Aside from the pictures, copy the listing exactly.
Start of Data block
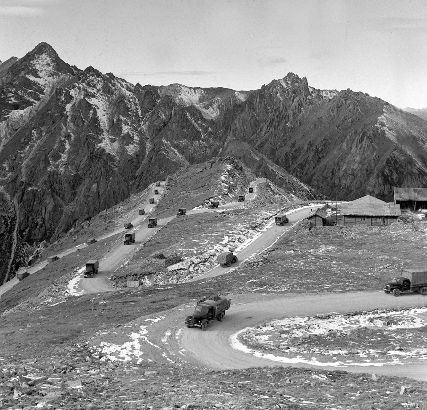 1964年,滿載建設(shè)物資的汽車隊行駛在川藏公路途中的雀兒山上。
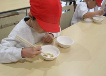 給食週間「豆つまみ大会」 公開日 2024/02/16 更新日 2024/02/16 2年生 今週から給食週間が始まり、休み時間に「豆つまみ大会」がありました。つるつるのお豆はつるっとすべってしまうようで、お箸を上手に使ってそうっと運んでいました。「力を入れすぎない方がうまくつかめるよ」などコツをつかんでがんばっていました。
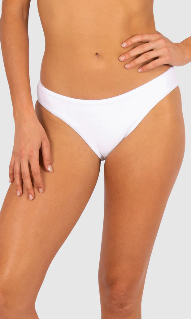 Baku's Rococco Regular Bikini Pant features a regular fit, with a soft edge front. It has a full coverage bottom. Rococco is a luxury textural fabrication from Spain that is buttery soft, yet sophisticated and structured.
End of Data block
- Result of this exercise
 1964年,滿載建設(shè)物資的汽車隊行駛在川藏公路途中的雀兒山上。
 給食週間「豆つまみ大会」 公開日 2024/02/16 更新日 2024/02/16 2年生 今週から給食週間が始まり、休み時間に「豆つまみ大会」がありました。つるつるのお豆はつるっとすべってしまうようで、お箸を上手に使ってそうっと運んでいました。「力を入れすぎない方がうまくつかめるよ」などコツをつかんでがんばっていました。
 Baku's Rococco Regular Bikini Pant features a regular fit, with a soft edge front. It has a full coverage bottom. Rococco is a luxury textural fabrication from Spain that is buttery soft, yet sophisticated and structured.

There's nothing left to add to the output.